In verses 18-21, Peter goes on to address why Christians ought to serve God. To quote the passage:

1 Peter 1:18-21 – Forasmuch as ye know that ye were not redeemed with corruptible things, as silver and gold, from your vain conversation received by tradition from your fathers; But with the precious blood of Christ, as of a lamb without blemish and without spot: Who verily was foreordained before the foundation of the world, but was manifest in these last times for you, Who by him do believe in God, that raised him up from the dead, and gave him glory; that your faith and hope might be in God.

Peter’s point in this passage is that we have a debt that we owe to the One who redeemed us not through the world’s corruptible music, not through the world’s riches, but through the blood of Jesus Christ who died on Calvary some 2000 years ago for the entire world! How can we accept God’s incredible gift to man and then turn on backs on everything God asked of us? How dare we think that our earthly lusts and pleasures can be more important than serving the one who sent His Son to die for us. Christians today across the world ought to have more respect for the seriousness of the commands of Almighty God.

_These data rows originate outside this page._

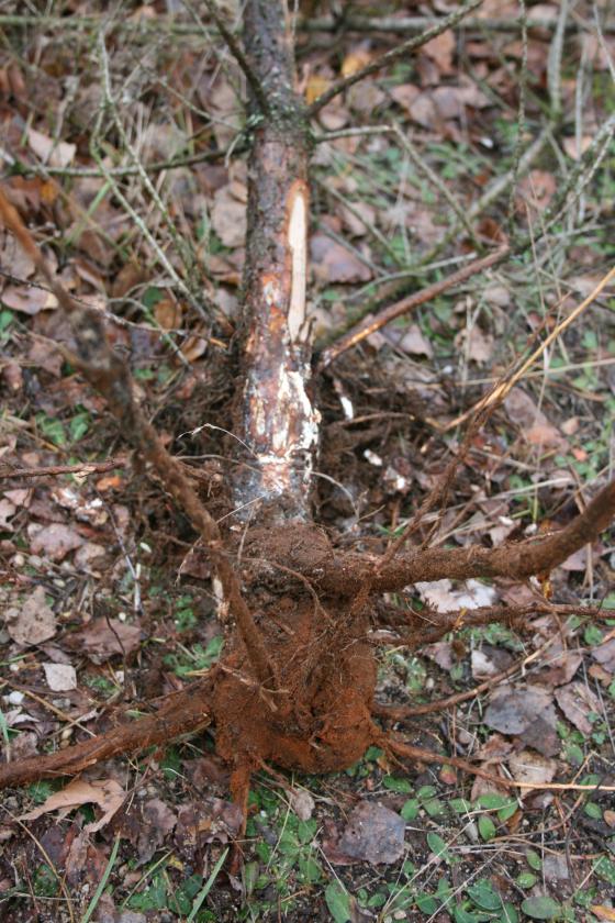 Po wyrwaniu drzewek z przebarwieniami, stwierdzono zdeformowany system korzeniowy, redukcję korzenia palowego, guzowatość oraz zawinięte korzenie boczne (wykluczono błędy sadzenia). Ponadto u części drzewek stwierdzono wielopędowość (brak jednego, głównego przewodnika), drzewka przyjmują formę krzaczastą (jak kosodrzewina). Na kilku egzemplarzach stwierdzono białą grzybnię oraz ryzomorfy opieńki Armillaria spp , której aktywność wzmogła się przez brak wody. Zdecydowana większość drzewek na uprawie posiada jeden garnitur igieł.
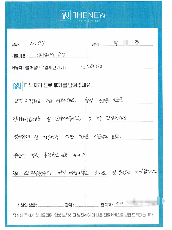 더뉴치과 인스타그램을 보시고 내원해 주신 "박O정"님께서 직접 작성해주신 후기입니다.
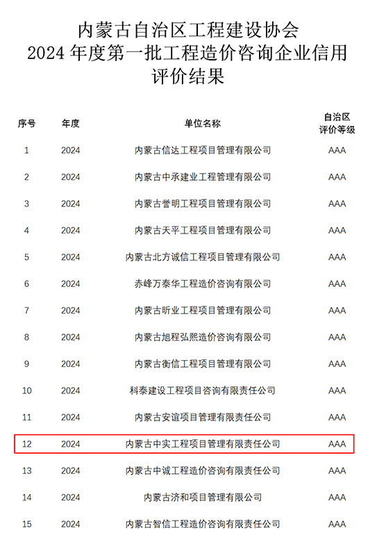2024-07-3014939 次近期,我公司参加内蒙古自治区工程建设协会组织的“2024年度第一批工程造价咨询企业信用”申报,获得“信用AAA级证书”。我公司成立多年以来,遵循中国工程造价管理协会对造价咨询企…
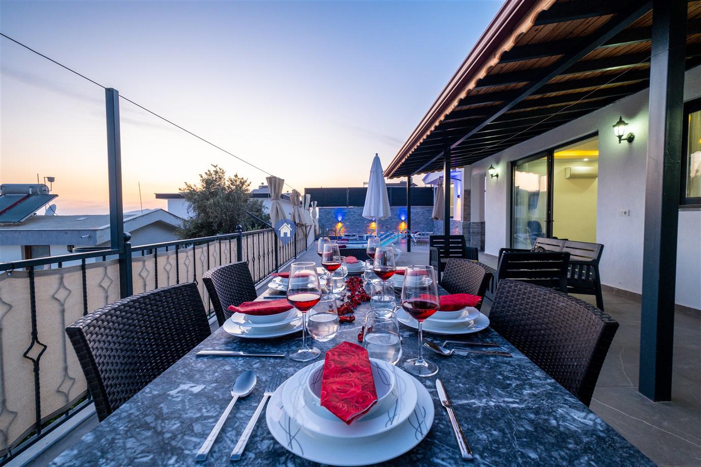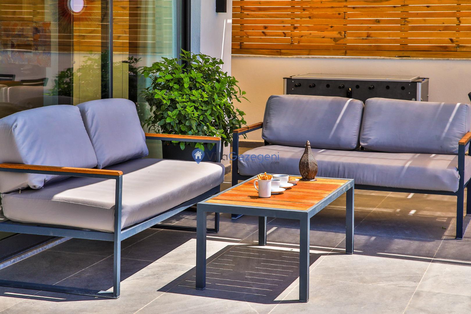 Yemek Masası ve bahçe mobilyaları kullanımınız için hazır bulunmaktadır sevdikleriniz ile beraber yemekler yiyip sohbetin dibine vurabilirsiniz. Villanın bahçesindeki salıncak ile keyifli vakitler geçirebilirsiniz.
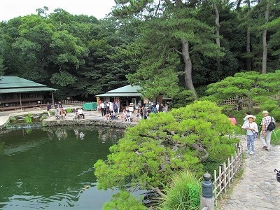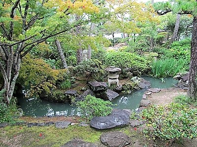 ![]() 『掬月亭きくげつてい』 園内は紫雲山を背景に六つの池と13の築山を巧みに配す |
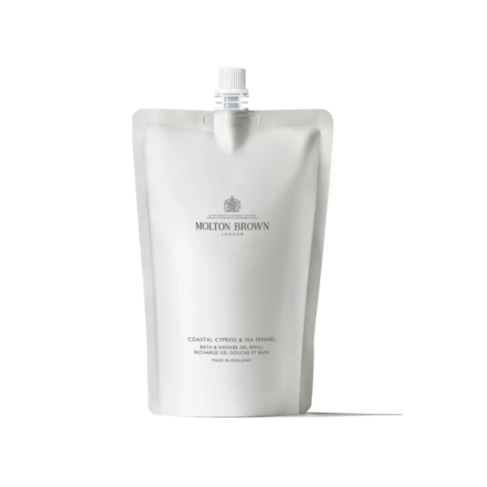 MOLTON BROWN COASTAL CYPRESS & SEA FENNEL BATH & SHOWER GEL REFILL 400ml A treat for you and the planet – discover our iconic, aromatic body wash in a waste-reducing Refill. Replenish your plastic or Infinite Bottle with bracing cypress, marine notes and spicy, unexpected cardamom for a more earth-kind, luxurious cleansing experience. Indulge in a refreshing cleansing experience with the Molton Brown Coastal Cypress and Sea Fennel Bath and Shower Gel Refill. The award-winning formula swiftly removes impurities and build-up, helping to leave the skin feeling invigorated. Suitable for all skin types, the body wash features an uplifting fragrance inspired by where the sea and earth combine. Salty marine notes mingle with bracing blue cypress, juxtaposing against spicy nuances of cardamom for an exhilarating finish. HOW TO USE Application: Decant the body wash refill into your plastic or reusable bottle. Apply the indulgent body wash in your bath or morning shower for a bracing ritual The Fragrance A salt-sprayed collision of the ocean swell against rugged outcrops. The shore air fresh with crisp fig leaves mingled with unexpected, punchy cardamom, joyful bergamot and marine notes. Bracing cypress, cedarwood and musks bring natural, earthy appeal. Explore on the edge; awash your senses with a sea-soaked quest. Coastal. Bracing. Intrepid.
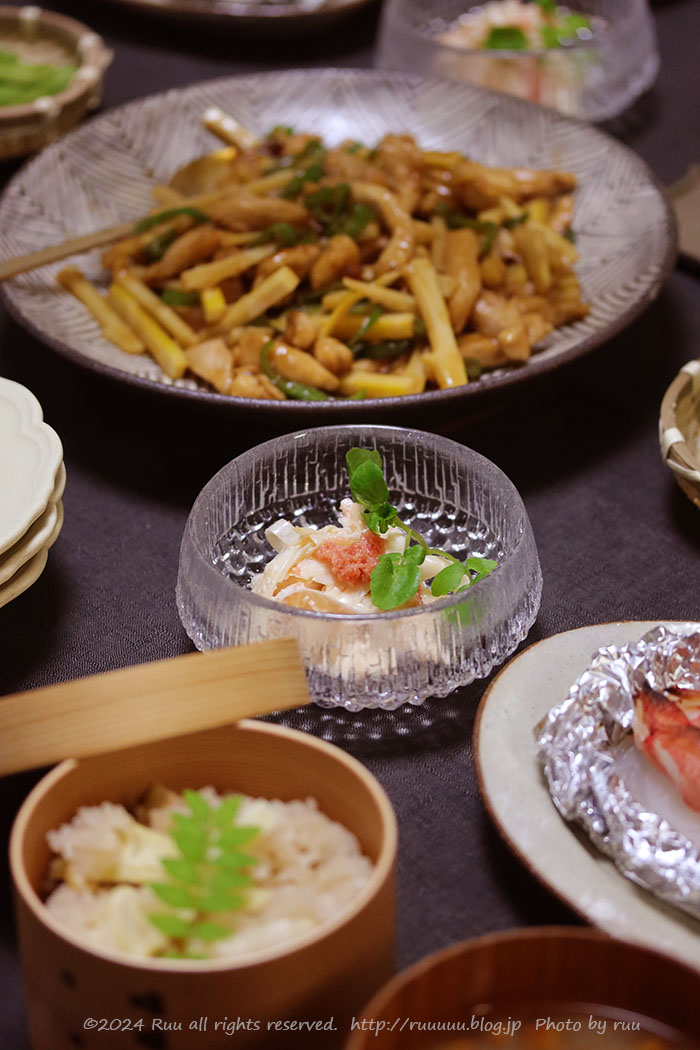 昨日はお出汁だけで炊き上げるjolijoliさん家風のたけのこご飯。

The writer of the post acknowledges that he is preaching to himself as well as to whoever is out there reading the post; nobody is in any form or fashion a perfect Christian. But it is important to realize that just because you cannot be a perfect Christian, that is not an excuse to completely ignore God’s commands to man given in the Bible. Just because you may face persecution for doing right, know this. When you will stand before God to give an account of your life, you be asked whether you did or didn’t follow God’s commands, and why, if you didn’t follow them. One day, you as a Christian will stand before God face to face and explain your life choices to Him. Do you want to have to say you were scared of the persecution you would face?

1 Peter 2:20 – For what glory is it, if, when ye be buffeted for your faults, ye shall take it patiently? but if, when ye do well, and suffer for it, ye take it patiently, this is acceptable with God.